The prison walls were being erected not with iron, but with fear.
"But in here," she concluded, pressing a kiss to my forehead, her voice returning to a soothing murmur, "in here, you are safe, Ito-kun. This is my ward. My sanctum. My magical workshop. Not even the most powerful sorcerer from the Association would dare to cross its threshold uninvited."
And there it was. The final piece of her gambit snapped into place with chilling clarity.
Now I understood. Her seemingly lenient act of letting Eriri storm out wasn't mercy or poor judgment. It was a masterstroke. She hadn't released a daughter; she had unleashed a hound.
She had consciously manufactured a dangerous, external threat—a vengeful, soon-to-be-powered witch who bore a specific obsession against me.
It was all to add another heavy chip to the pile.

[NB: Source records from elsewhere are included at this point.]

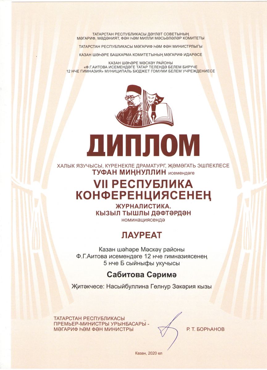 - Республиканская конференция имени Туфана Миннуллина в номинации "Журналистика-2020"/ Сабитова Сарима - Дипломант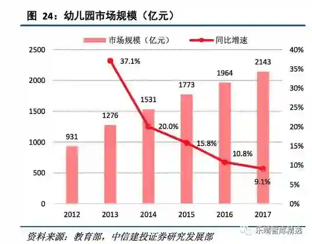 由于政策的普惠导向,整体市场增速稍有下降,但伴随着85%毛入园率的要求,学前市场仍旧具有长足发展动力。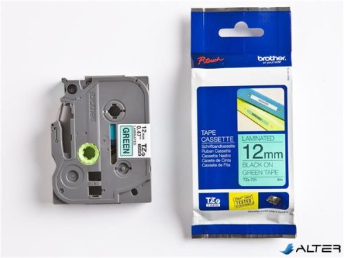 Feliratozógép szalag, 12 mm x 8 m, BROTHER, "TZe-731" zöld-fekete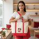 Love the durable cream colored canvas and navy blue contrasted handles. Perfect for carrying my laptop and papers.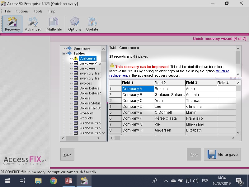Let's recover the same file from the previous example with AccessFIX. Look at the screenshots below: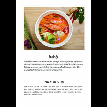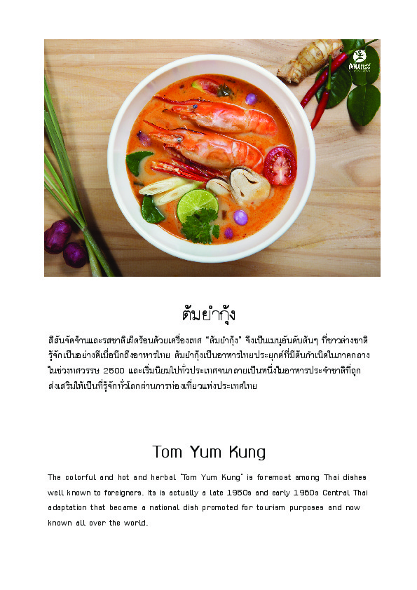 | คำอธิบาย : สีสันจัดจ้านและรสชาติเผ็ดร้อนด้วยเครื่องเทศ “ต้มยำกุ้ง” จึงเป็นเมนูอันดับต้นๆ ที่ชาวต่างชาติรู้จักเป็นอย่างดีเมื่อนึกถึงอาหารไทย ต้มยำกุ้งเป็นอาหารไทยประยุกต์ที่มีต้นกำเนิดในภาคกลางในช่วงทศวรรษ 2500 และเริ่มนิยมไปทั่วประเทศจนกลายเป็นหนึ่งในอาหารประจำชาติที่ถูกส่งเสริมให้เป็นที่รู้จักทั่วโลกผ่านการท่องเที่ยวแห่งประเทศไทย |
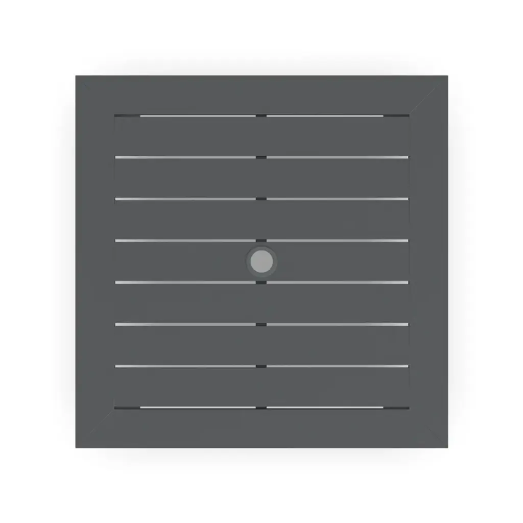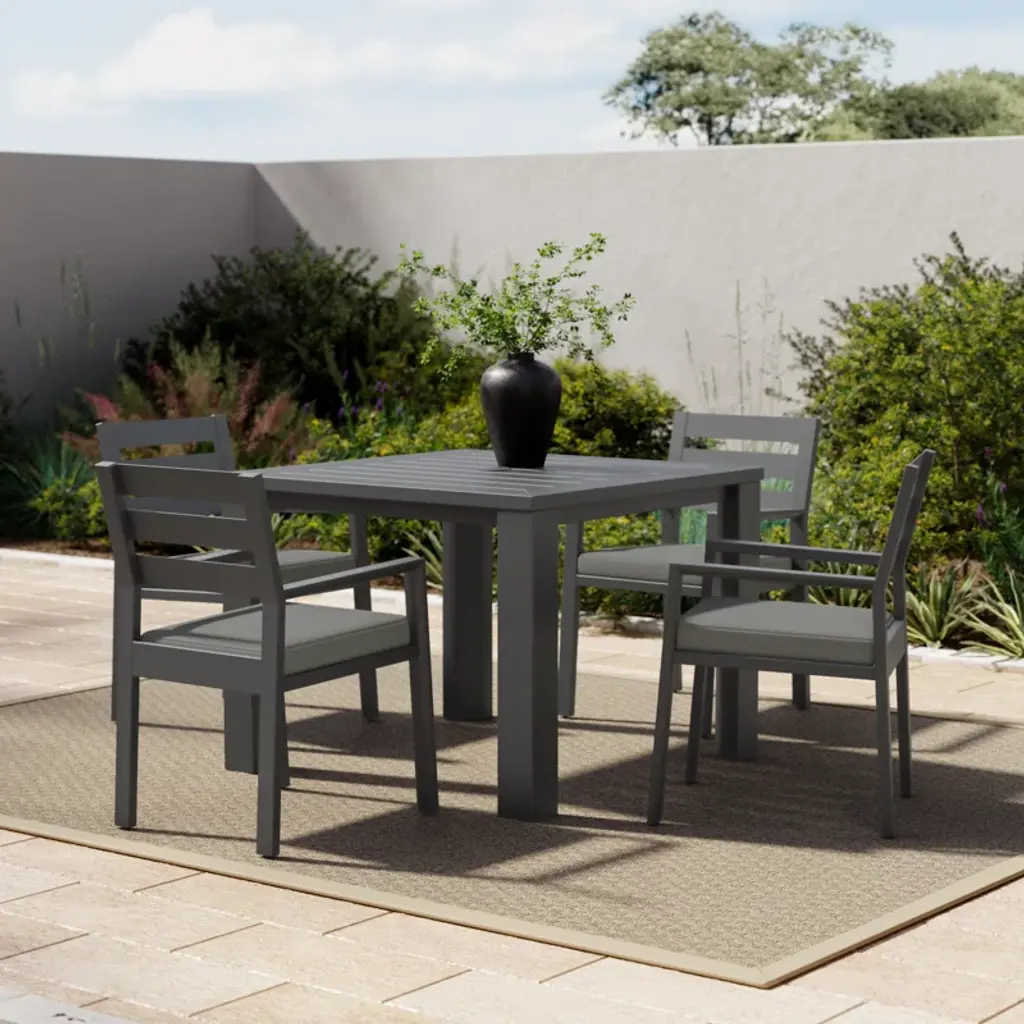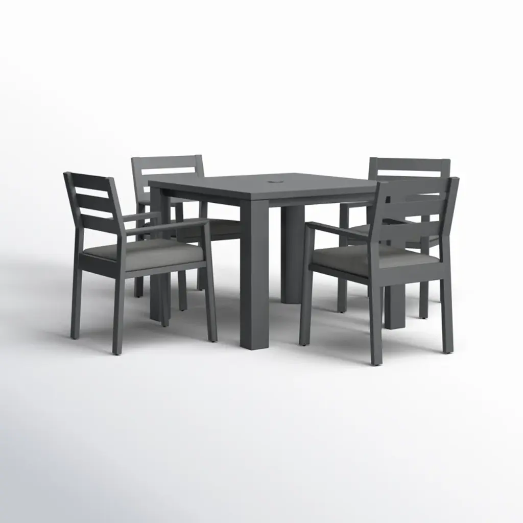 Our 5-piece outdoor dining set updates and elevates any patio or deck. It includes four dining armchairs and a square table with a slatted top and centered umbrella hole. Each piece has a sleek, clean-lined aluminum frame with stainless steel hardware for exceptional durability. Foam cushions are wrapped in gray olefin covers that are resistant to weather, water, mildew, and UV fading.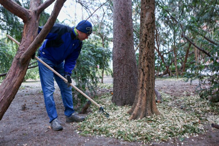 Dobrovoľník počas rozhrabávania mulču okolo stromov v rámci novoročného mulčovania vianočných stromčekov v Sade Janka Kráľa v Bratislave. Bratislava, 18. január 2025. Foto: SITA/Tomáš Susko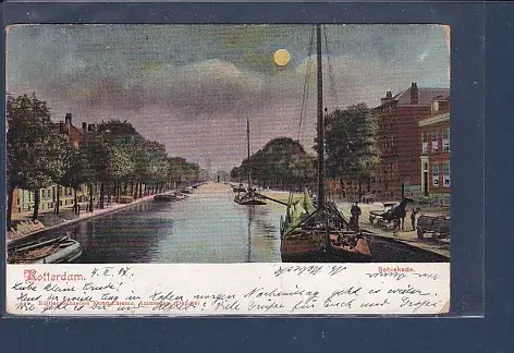 Mondschein AK Rotterdam Schiekade, gelaufen von 1907, leider wurde die Briefmarke entfernt.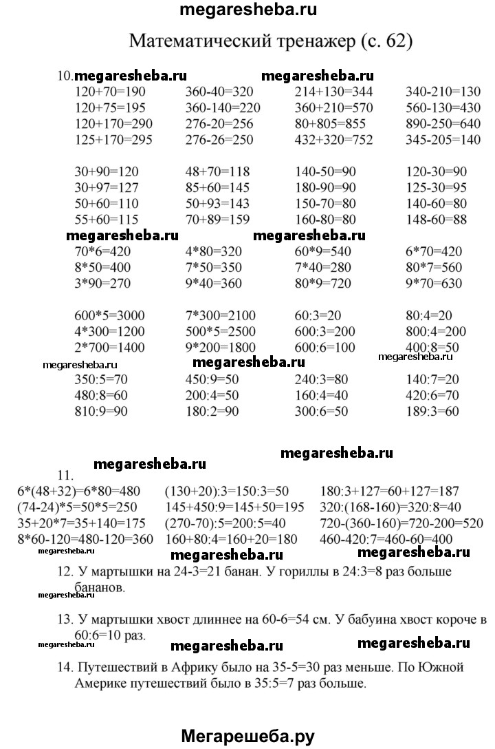 Подробный решебник (ГДЗ) по Математике за 3 (третий) класс - готовый ответ часть 1. страница - 62. Авторы учебника: Башмаков, Нефедова. Издательство: Аст/Астрель 2013-2023.
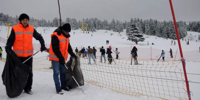 Türkiye’nin önemli kış turizm merkezlerinden Uludağ’da pistlerin temizliğinden sorumlu 10 görevli pist ve yol kenarında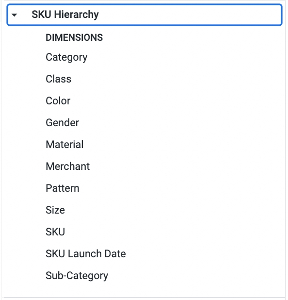You can use the SKU Hierarchy Dimensions from your SKU Hierarchy tab in your BSD Sheet.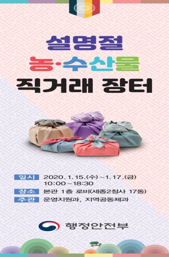행정안전부(장관 진영)가 판로에 어려움을 겪고 있는 농·수산물 생산 농·어업인 지원을 위한 설명절 맞이 농·수산물 직거래장터를 15일부터 오는 17일까지 3일간 행정안전부 본관(정부세종2청사) 1층에서 연다고 밝혔다.

Another reason, another terrifying excuse, to confine me further within this gilded cage.
Every crisis, every external threat, was being meticulously engineered or exploited to reinforce one single, screaming message: The world outside is lethal. Your only safety is here. Your only protector is me.
Even now, in the shattered aftermath of her daughter's assault, she was seamlessly weaving the event into her tapestry of control.
Amazing.
A woman of this world continued to astonish me.
Not with simple cruelty or passion, but with this profound, chilling genius for control.
Every word, every act of "kindness," every display of "protection" was a move in a silent, desperate game of possession.
The depth of the manipulation was a dark art far more impressive than any spell she could whisper.
She was building a paradise whose only exit led straight into the jaws of a monster she herself had created. And she was doing it all while stroking my hair, her eyes full of what looked like love.
It was, I had to admit, utterly brilliant.